··· Information supplied

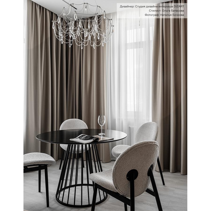 Обеденный стол Tyra – яркий пример удачного сочетания стильного дизайна и практичности. В пространствах в стиле лофт, сканди и минимализм этот предмет мебели поможет сделать акцент на простой и функциональной обстановке, а классическому интерьеру придаст новое звучание. Особенности и преимущества: - Столешница из устойчивой к износу МДФ не требует сложного ухода и долго сохраняет привлекательный вид. - Конусовидное основание из прочного железа делает дизайн интересным, обеспечивает конструкции стабильность, надежность и долговечность. - Сочетание элегантности и практичности дает возможность использовать модель не только в домашних условиях, но и для обустройства коммерческих помещений. - Стол с круглой столешницей позволяет комфортно разместить большее количество человек, при этом не занимает много места. Материалы: железо, МДФ. Размеры: 110х110х75 см. Диаметр основания: 65 см. Цвет: черный. Пыль и загрязнения с поверхностей можно удалять при помощи мягкого влажного материала. Сразу после очищения мебель рекомендуется протереть сухой тканью. Запрещается применение жестких щеток, абразивов и агрессивной бытовой химии.
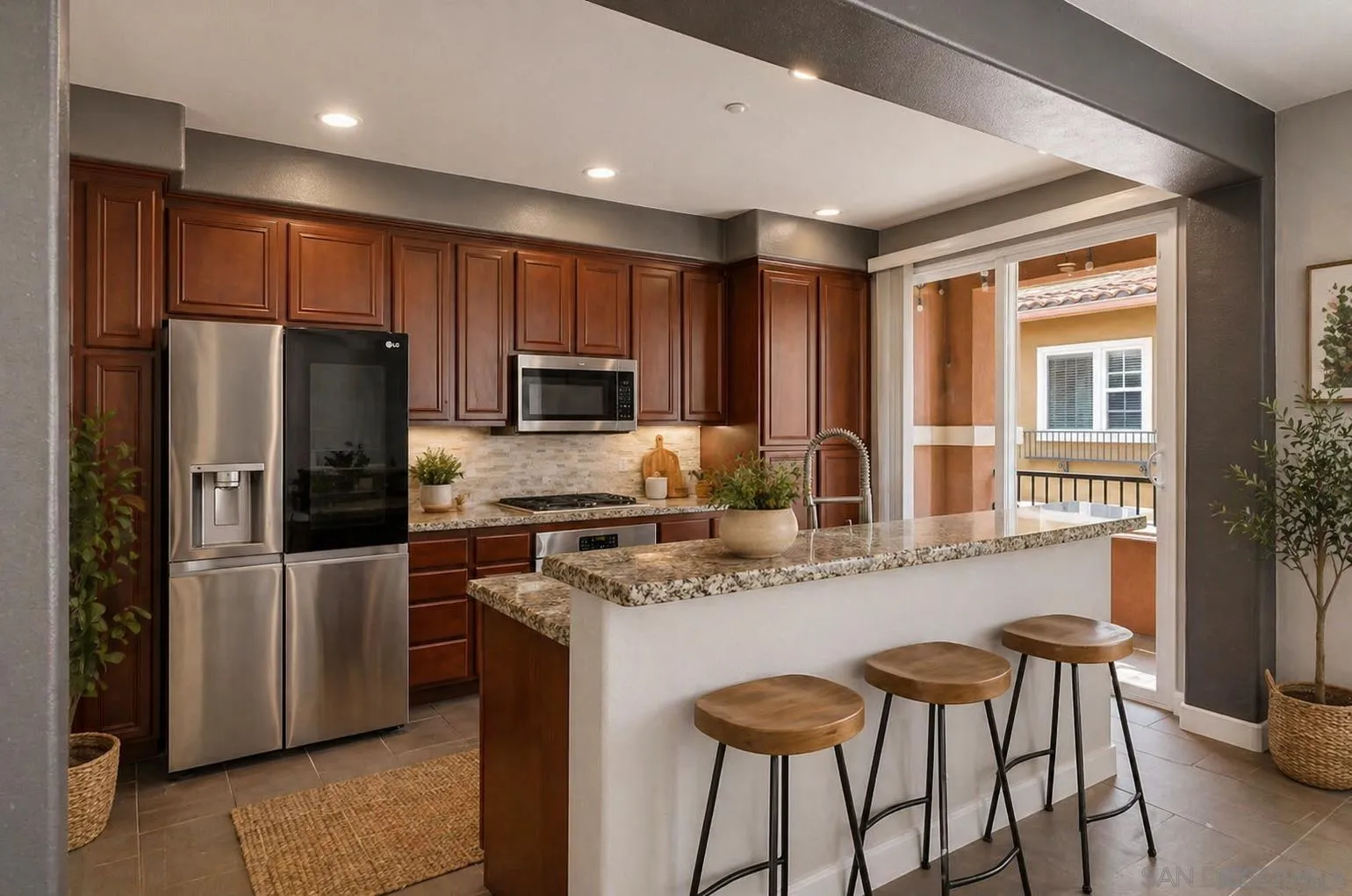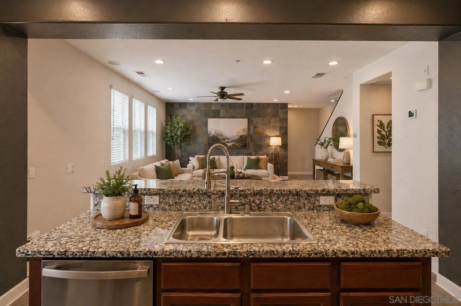 Experience luxury-style living in this pristine 3-story townhome located in the highly sought-after Treviso community of Santee! Thoughtfully situated with both lifestyle and investment potential in mind, this residence offers a highly desirable open floor plan with vaulted ceilings and built-in surround sound, creating a bright and elevated living experience. The property features dual primary suites, each with its own attached bathroom and walk-in closet—an ideal setup for maximizing rental income, roommate flexibility, or multi-generational living. The bathrooms are finished with a modern, spa-inspired touch, including LED mirrors and clean, contemporary design elements throughout. The home is turnkey and well-cared for, boasting a spacious 2-car garage and functional layout across all three levels. New Owners will enjoy immediate access to resort-style amenities, with the pool, spa, and recreation room just steps from the front door—enhancing both daily convenience and curb appeal. Positioned just seconds from Mission Trails and approximately one mile from major retail and daily essentials including Costco, Target, Starbucks, and more, the location supports strong, consistent rental demand. Combined with the community’s desirability and low-maintenance lifestyle, this property presents an excellent opportunity for both investors seeking solid returns and buyers looking for a move-in ready home in a high-demand area!
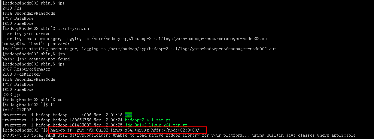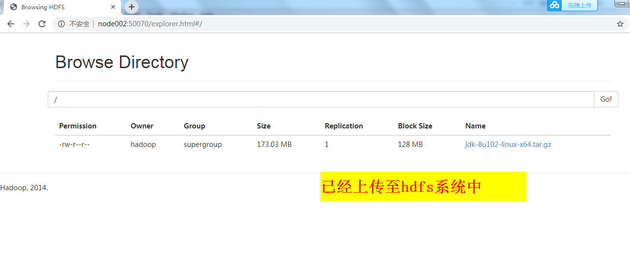 1.登陆http://node002:50070/ 2.向hdfs中上传文件 3.查看结果 4.rm linux中的jdk,从hfds中下载。hdfs的文件是被切割成block块,寻找hdfs的URI,hdfs://node002:9000/下载文件 来源:oschina链接:https://my.oschina.net/u/4434424/blog/3186675 标签 HDFS
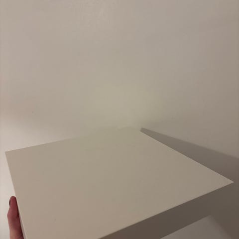 Elämää nähneet mutta edelleen täysin käyttökelpoiset musta ja valkoinen Lack-seinähylly. Valkoisessa hyllyssä on alapinnalla ja etureunassa muutama ylimääräinen ruuvinreikä.
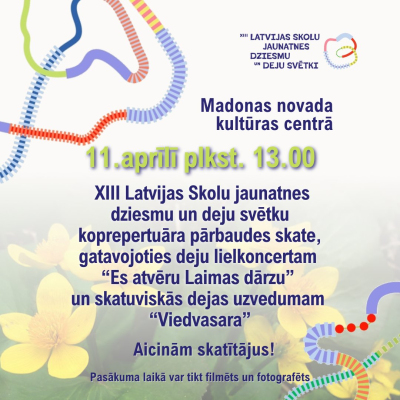 11. aprīlī plkst. 13.00 - skolēnu tautas deju kolektīvu koprepertuāra apguves skate, gatavojoties XIII Latvijas Skolu jaunatnes dziesmu un deju svētku deju lielkoncertam “Es atvēru Laimas dārzu” un skatuviskās dejas uzvedumam “Viedvasara”.
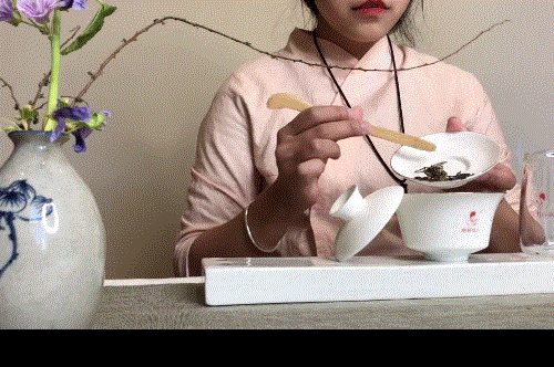 根据冲泡器具的大小和口味的浓淡来定。这里以南茗佳人175毫升白瓷盖碗为冲泡器具,所以称8克《青莲》茶品为佳。
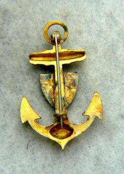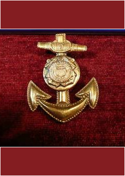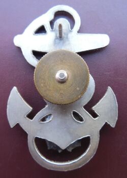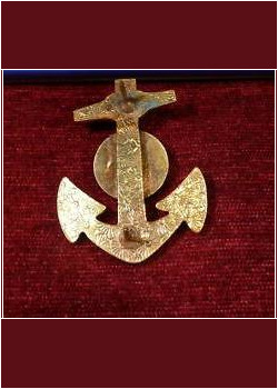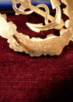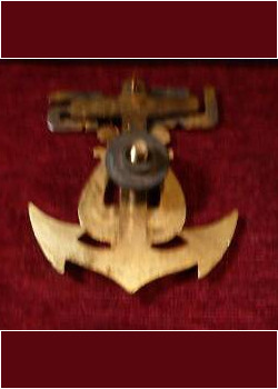 Students of naval insignia will note that on this particular hat badge is the fact that the star is not of the type used by any of the licensed manufacturers of US Military establishment insignia, and and the anchor itself is that of a US Navy ROTC/Annapolis midshipman. The only US CG&S true device is the triangle within the circle.
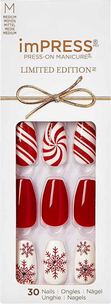 KISS imPRESS Limited Edition Holiday Press-On Manicure with PureFit Technology, Medium Length, Co...

······

_What is being asked_
Above, find the line holding "11. aprīlī plkst." and the line holding "根据冲泡器具的大小和口味的浓". Print exactly those two lines and every line between them, but no pictures.

_Written answer_
 11. aprīlī plkst. 13.00 - skolēnu tautas deju kolektīvu koprepertuāra apguves skate, gatavojoties XIII Latvijas Skolu jaunatnes dziesmu un deju svētku deju lielkoncertam “Es atvēru Laimas dārzu” un skatuviskās dejas uzvedumam “Viedvasara”.
 根据冲泡器具的大小和口味的浓淡来定。这里以南茗佳人175毫升白瓷盖碗为冲泡器具,所以称8克《青莲》茶品为佳。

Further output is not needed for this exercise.